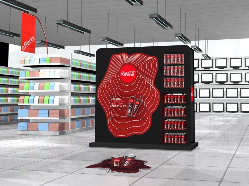 Dopo l’ evento di benvenuto, che si è svolto in contemporanea a Milano e Londra per celebrare il lancio ufficiale di Coca-Cola Energy, l’azienda tramite i suoi distributori, sta allestendo i punti vendita, per annunciarlo anche nei canali casa a fuori casa, con in-store communication toolkit ‘disruptive’ declinati da Save As.
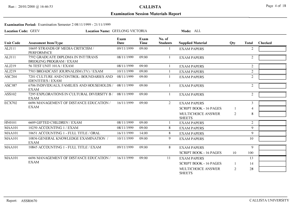 This report displays examination session details by location then unit and then date. It includes information on the number of students and accompanying supplied examination materials for all student examinations to be undertaken during a specified examination period. |
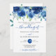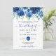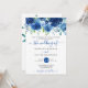 Invitación de boda floral de acuarela azul marino, con un fondo texturizado de lavado peri muy ligero. Personaliza nombres, fechas e información.

--

> _DIRECTIONS FOR THIS TASK_: When you repeat the listing, keep it exact and leave the pictures behind.

> _YOUR SOLUTION_:
 Dopo l’ evento di benvenuto, che si è svolto in contemporanea a Milano e Londra per celebrare il lancio ufficiale di Coca-Cola Energy, l’azienda tramite i suoi distributori, sta allestendo i punti vendita, per annunciarlo anche nei canali casa a fuori casa, con in-store communication toolkit ‘disruptive’ declinati da Save As.
 This report displays examination session details by location then unit and then date. It includes information on the number of students and accompanying supplied examination materials for all student examinations to be undertaken during a specified examination period. |
 Invitación de boda floral de acuarela azul marino, con un fondo texturizado de lavado peri muy ligero. Personaliza nombres, fechas e información.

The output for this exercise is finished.